Osman Kavala'nın hukuk mücadelesi, Avrupa İnsan Hakları Mahkemesi'nin ikinci başvurusunu öncelikli olarak incelemeye alma kararıyla yeni bir döneme girdi. Kavala'nın tutukluluğu, uluslararası kamuoyunun ve insan hakları savunucularının dikkatini çeken bir konu olmaya devam ederken, AİHM'in aldığı bu karar, insan hakları ihlalleri konusundaki hesap verebilirliği ve adaleti sağlama iradesini bir kez daha sınayacak...
AİHM Osman Kavala kararı
Sivil toplum ve insan hakları aktivisti Osman Kavala, Avrupa İnsan Hakları Mahkemesi'ne (AİHM) ikinci kez başvurdu ve mahkeme, bu başvuruyu öncelikli olarak incelemeye karar verdi. Bu karar, Türkiye'nin Kavala'nın hakları konusundaki yükümlülüklerinin hala süregeldiğini ve AİHM'in 2019'da verdiği kararın ardından yeni hak ihlallerini ele alacağını gösteriyor.

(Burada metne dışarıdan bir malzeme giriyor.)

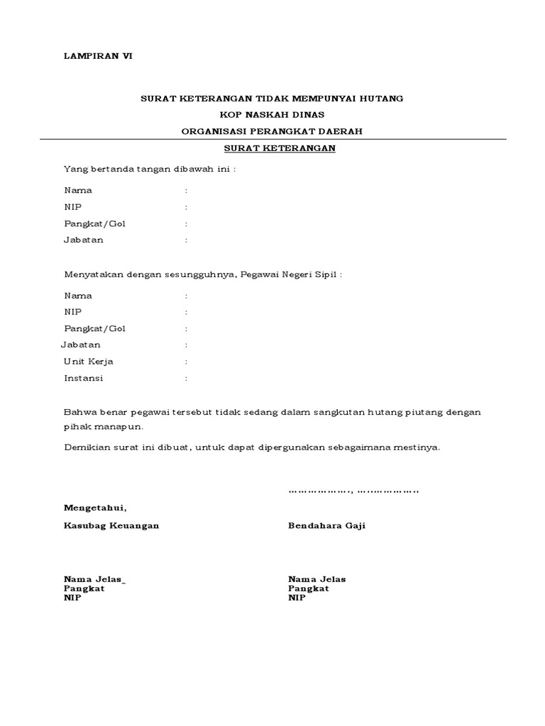 Surat Pernyataan Tidak Punya Hutang Pdf Pdf
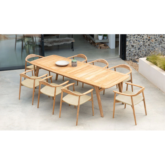 Der Dana Teak Dining Table 2,7 × 1,0 m bietet viel Platz für gesellige Mahlzeiten im Freien. Gefertigt aus hochwertigem Teakholz, überzeugt er durch natürliche Witterungsbeständigkeit und Langlebigkeit. Die große rechteckige Tischplatte eignet sich ideal für Familienfeste und Treffen mit Freunden. Das Design orientiert sich am skandinavischen Mid-Century-Stil und passt perfekt zu modernen Outdoor-Bereichen. Maße: Länge 2700 mm, Höhe 740 mm, Breite 1000 mm. Eine 10-jährige Garantie unterstreicht die Qualität und Zuverlässigkeit.
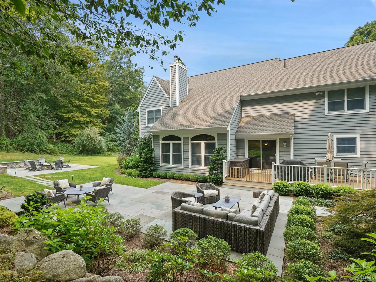 Tucked away on a peaceful cul-de-sac, a long, tree-lined driveway sets the tone as you approach this 4-bedroom, 3.5-bath colonial set on 4 private acres in the award-winning Katonah-Lewisboro School District. This home offers a welcoming front porch, a 3-car garage, and an ideal blend of space, comfort, and privacy. The main level features a large kitchen opening to an expansive family room with open-concept flow, perfect for everyday living and entertaining. Upstairs, the oversized primary suite includes generous closets and renovated primary bath. Three additional bedrooms each feature direct bathroom access, providing comfort, convenience, and privacy. The lower level offers an unfinished basement with potential for customization, whether for recreation, fitness, or home office space. Outdoor living includes a spacious deck and recently completed patio with fire pit and sitting area, all surrounded by natural privacy. Don’t miss this exceptional opportunity to make this beautiful property your next home - schedule your private showing today.
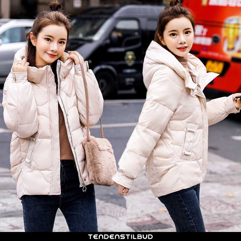 Vinterjakke dame : bomuld jakke varm mode med hætte med lynlås vinter 2021 ren, farve : sort, turkis, beige.
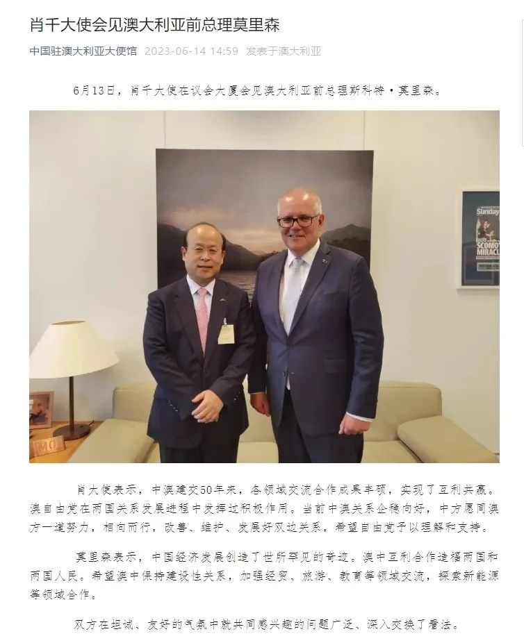 6月14日,我国驻澳大利亚大使馆的官方微信账号发布了一则“很有意思”的消息,内容是13日,我驻澳大利亚大使肖千在澳大利亚的议会大厦会见了澳大利亚前总理斯科特·莫里森,而且双方聊得还挺不错。
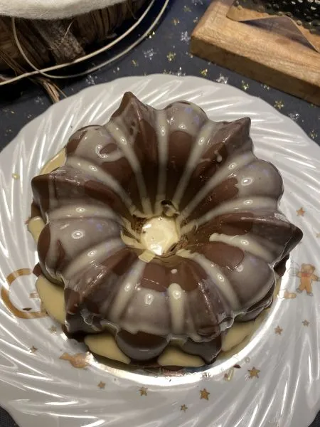 - Den abgekühlten Guglhupf wieder in die Form geben und etwas rein drücken bis die Schokolade oben an den Rändern austritt.
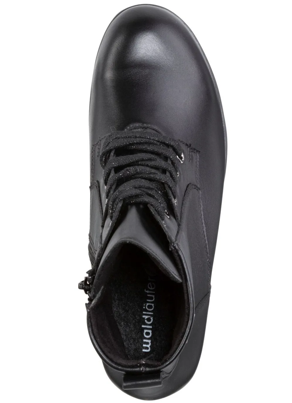 Stiefeletten aus Nappaleder, mit Schnürung und praktischem Innenreißverschluss: Weite H, mit Klimamembrane ausgestattet, Textilfutter, herausnehmbares Filzfußbett, leichte TR-Luftpolster-Riffelsohle sowie 35 mm Absatz. Schafthöhe ca. 12 cm
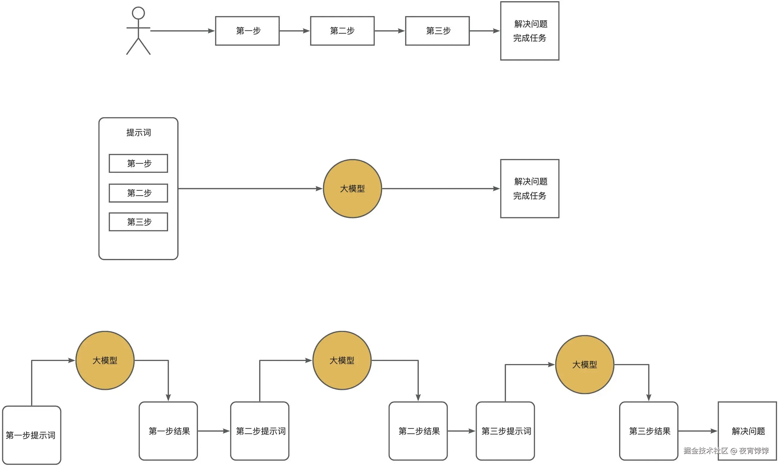 🌟 这里有一个很重要的区别地方:在上述中的概念,工作流的概念,这里会分出一个支路,提示词的工作流和模型调用的工作流,这是两种不同的方式,但是目的都是让大模型专注解决问题
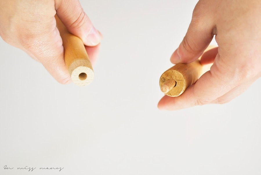 En el cajón de arriba, y en la parte donde va el asa apoyada, se hacen también los agujeros con el grosor de los tacos, ya que deben pasar por en medio para unir las patas traseras con el asa, y que así el cajón quede sujeto.
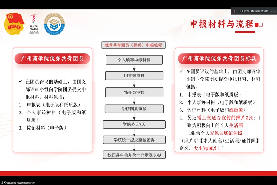 余钰清作开场共青团组织 “五四评优”的讲解,她将讲解内容分为时间安排、参评条件、申请材料与流程、注意事项四个部分,详细说明了各阶段的工作规划、细化参评条件和申请资料的规则及格式,以确保各项流程能够顺利进行。在注意事项中,她特别提出填报申报表要注意时间统一、教育实践专题、团籍注册情况、奖项等级的区分和i志愿注册比例等若干。
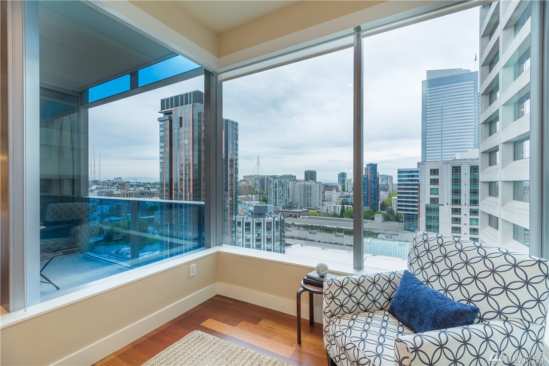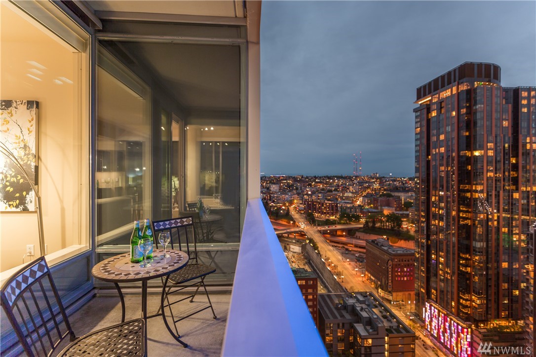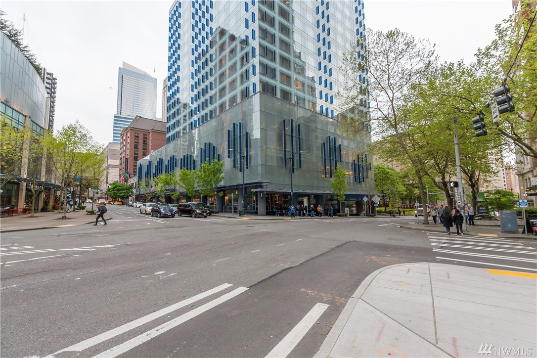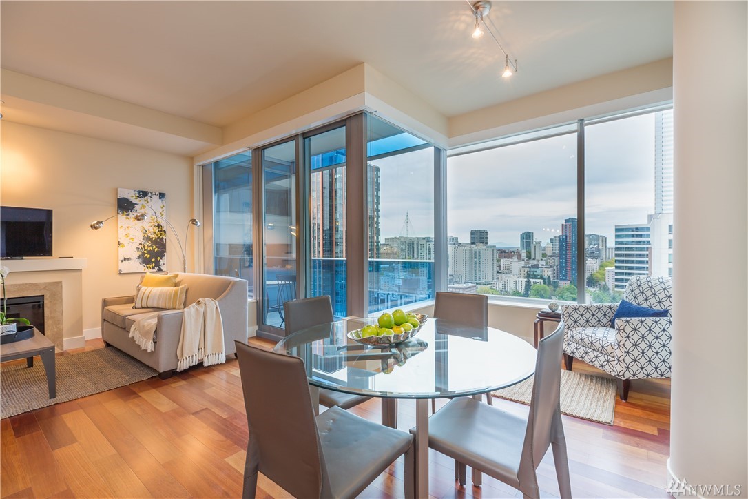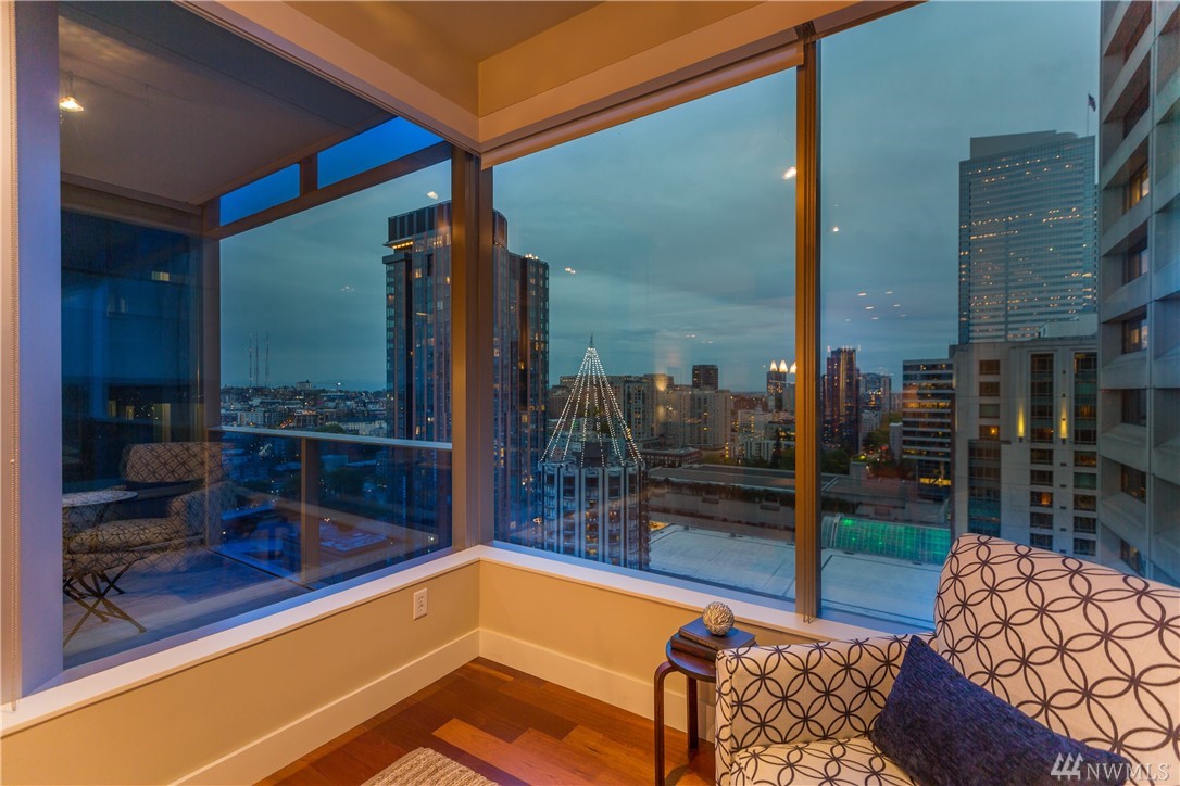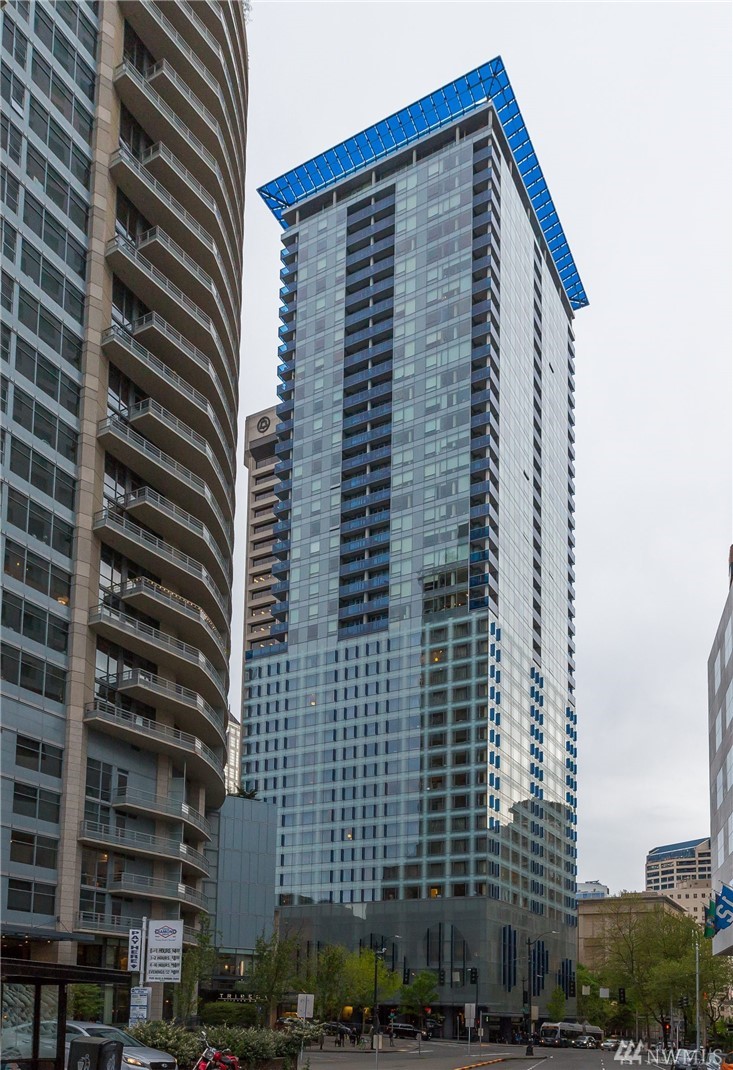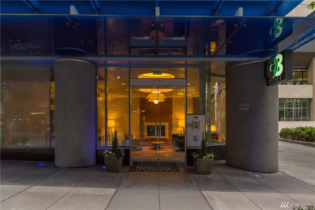 Luxury living in Olive 8, World Class Hyatt Hotel & Private Residences w/Views of City, Water & Mountains. Concierge services w/24/7 Security, Reserved Parking Space, 18th Floor Terrace/Common Meeting Space, Athletic Club Membership Avail + On-Site Restaurant/Coffee Shop. Desireable Corner Unit on 28th Floor w/Spacious Master Suite & Luxurious Bath + Guest Bath, Hardwood Floors, Fireplace + Air Conditioning! Tons of Windows w/Southerm Exposure & Balcony. Great Access to I-5 & Downtown Amenities
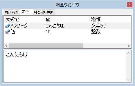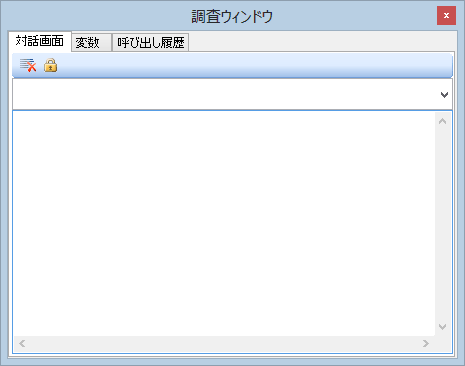 調査ウィンドウには、「対話画面」、「変数」、「呼び出し履歴」の3つのタブがあります。

AİHM, 10 Aralık 2019'da Osman Kavala'nın 'derhal serbest bırakılması' yönünde bir karar almıştı. Ancak Kavala'nın hala tutuklu olması ve bu kararın uygulanmaması uluslararası kamuoyunun ve insan hakları savunucularının tepkisini çekmişti. Son olarak Avrupa Konseyi Parlamenterler Meclisi (AKPM), Kavala'nın Ocak 2024'e kadar serbest bırakılmaması halinde Türkiye delegasyonunun oy hakkının ortadan kaldırılmasını öngören bir kararı kabul etmişti.
AİHM'in ikinci başvuruyu öncelikli olarak inceleme kararı, Türk Hükümeti'nden cevaplamasını istediği soruları açıkladığına işaret ediyor. Mahkeme, 18 Ocak 2024'te yapılan başvuruyu Türk Hükümeti'ne iletmiş ve savunma yapması için 16 Temmuz 2024 tarihine kadar süre vermiştir.
Konuyla ilgili olarak Profesör Başak Çalı, Profesör Philip Leach ve Kavala'nın avukatları tarafından yapılan açıklamada, Avrupa Konseyi Bakanlar Komitesi'nin Kavala'nın derhal serbest bırakılmasını gerektiren kararların uygulanmasını denetlemeye devam ettiği ve Türkiye'nin bu kararlara uymakla yükümlü olduğu vurgulanmıştır. Ayrıca, yeni başvurunun AİHM'in 2019'daki ihlal kararından beri devam eden ve yeni hak ihlallerini dile getirdiği belirtilmiştir.
Osman Kavala'nın durumu uluslararası arenada geniş yankı uyandırmaya devam ediyor. AİHM'in bu öncelikli inceleme kararı, insan hakları savunucuları ve uluslararası toplumun dikkatini bir kez daha Türkiye'nin insan hakları alanındaki taahhütlerine çekmektedir.